The authors validate their LLM-as-Judge evaluation protocol by comparing its scoring against human consensus, revealing specific patterns of leniency where the automated judge incorrectly credits answers. The analysis highlights that Information Extraction and Answer Refusal tasks generate the most disagreements, driven by the judge accepting partial factual matches and hedge phrases respectively. Information Extraction errors are characterized by the judge accepting partial matches on short factual answers. Answer Refusal disagreements arise when hedge phrases are incorrectly credited as valid refusals. Knowledge Update conflicts stem from mismatches between verbose correct answers and literal requirements.

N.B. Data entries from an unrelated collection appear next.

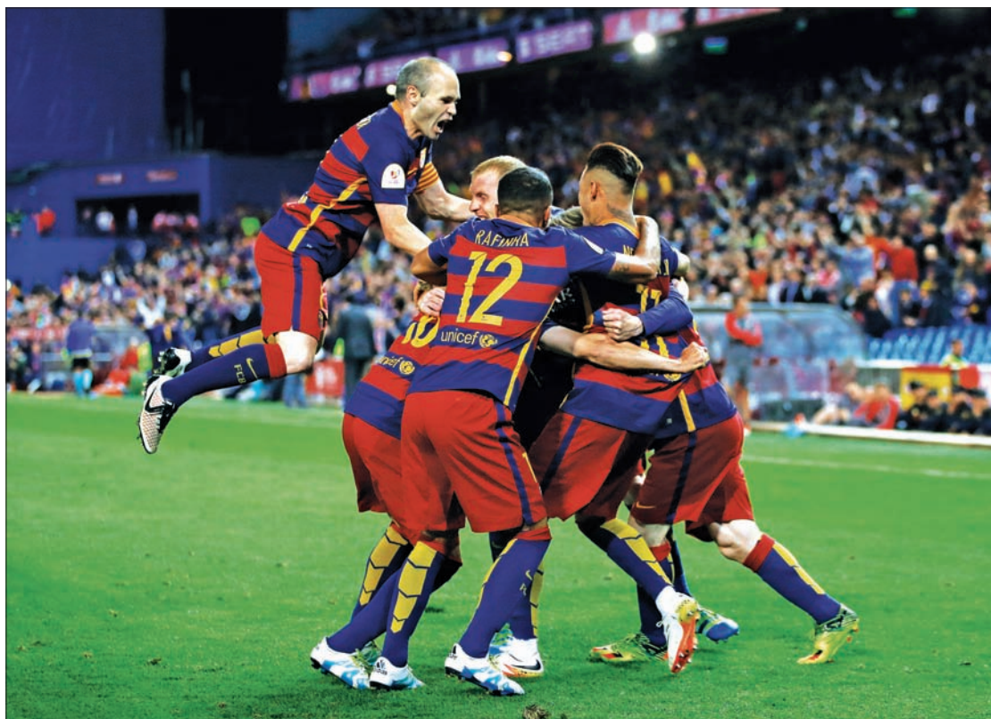
Jordi Alba celebrates with team mates after scoring the first goal for Barcelona during Copa del Rey Final at Vicente Calderon, Madrid, Spain on 22 May.

The game's dynamic changed drastically when Kevin Gameiro, whose pace troubled Barca all night, was brought down when Mascherano grabbed his shirt on the edge of the box.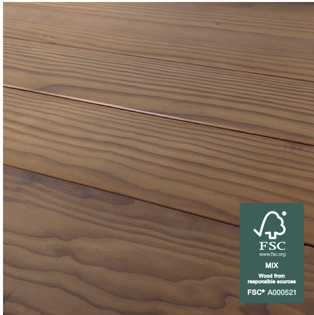
Abodo® Vulcan Decking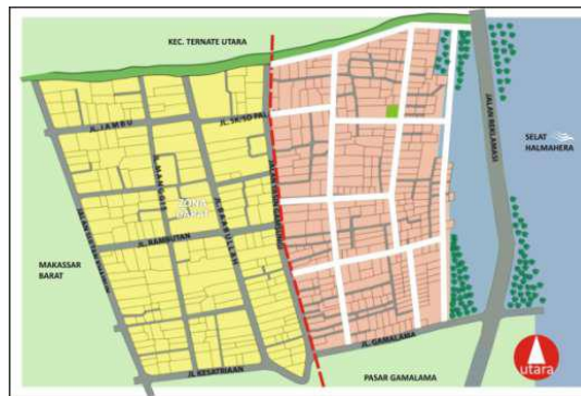
Figure 8. Structuring the Makassar village area on the water

cle. Moreover, to anticipate the impact of fires spreading, grid pattern will allocate the flame only at the burnt block while other blocks will be spared.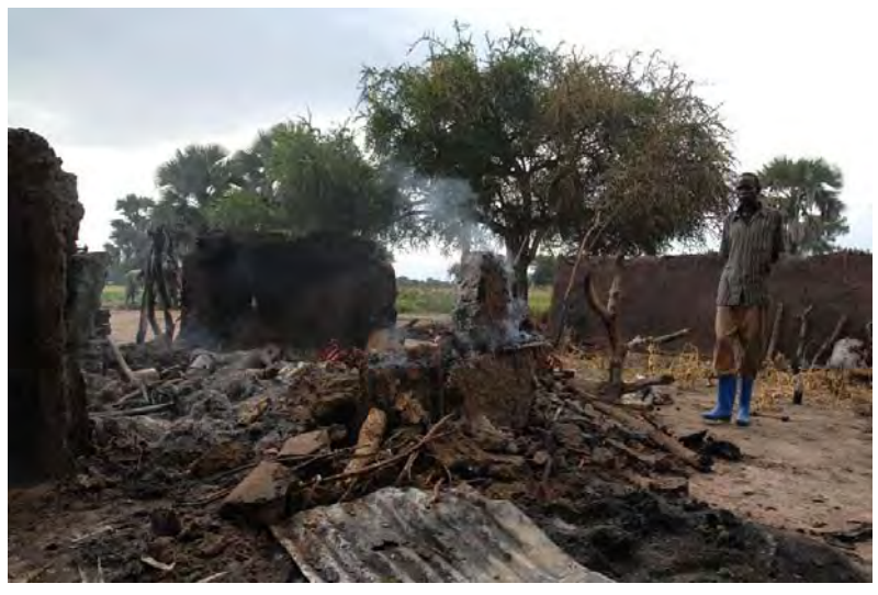
A burnt home in the aftermath of a raid, Duk Padiet, Jonglei state

Five years since the signing of the CPA, southern Sudan is experiencing a major upsurge in violence. In 2009, 2,500 people were killed and more than 350,000 displaced.<sup>4</sup> Despite efforts by the GoSS to contain insecurity as well as the presence of a UN peacekeeping mission, ordinary people, among them women, children, and the elderly, are being killed and abducted in brutal attacks. The insecurity is devastating a highly vulnerable population. Homes, livelihoods, and crops are being destroyed. Five years into the peace agreement, it is unacceptable that civilians are still not being protected from extreme levels of violence.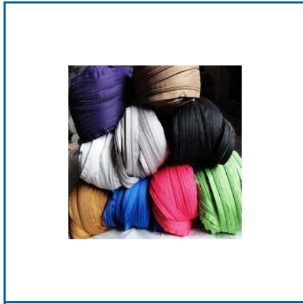
BAG ZIPPER ROLL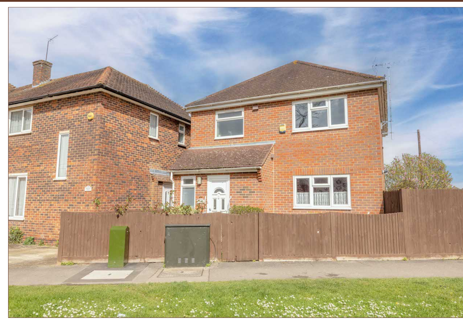
Situated in a prime location within walking distance of multiple nearby primary schools, as well as Langley Grammar School, this three bedroom detached property is offered to the market with no onward chain, inviting a quick sale.

The ground floor features spacious entrance hallway with access to a downstairs cloakroom and leading to fitted kitchen. The main reception room lies across the back of the house overlooking the rear garden, and stretches 20ft with ample space for both living and dining furniture.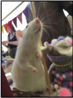
Orin owned by Rob B & Louise G.

Rats are the complete opposite to what most people think. People are often surprised to learn that pet rats are sweet natured, gentle, affectionate, clean, social, curious, playful, happy and smart.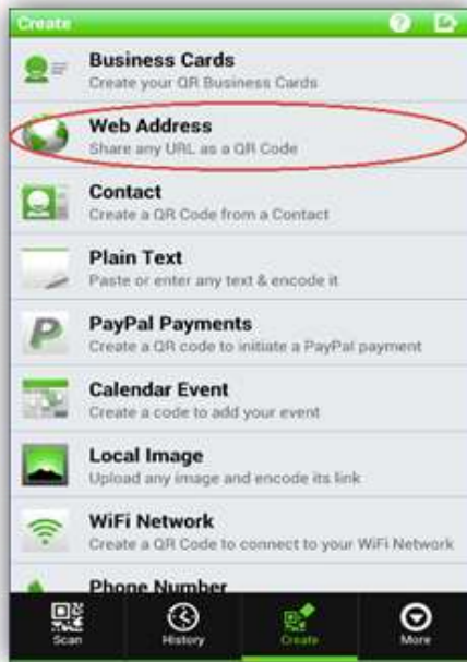
QR Droid (Android)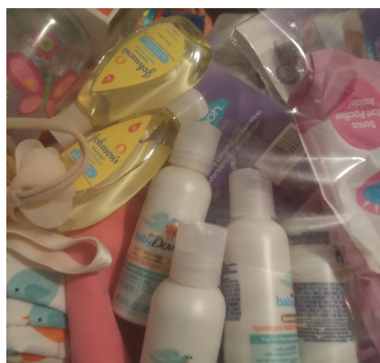
An expectant mother attending the event and items in the distributed hygiene bags.

The study evaluates memory frameworks and model capabilities across varying backbone selections, context lengths, and task types to assess robustness and specialization. Results indicate that architectural integration impacts stability more than raw capability, while performance generally degrades as context length increases with smaller models suffering severe declines in abstention behavior. Furthermore, correlation analysis reveals memory abilities are distinct rather than monolithic, and automated evaluation protocols exhibit specific leniency patterns in information extraction and refusal tasks compared to human consensus.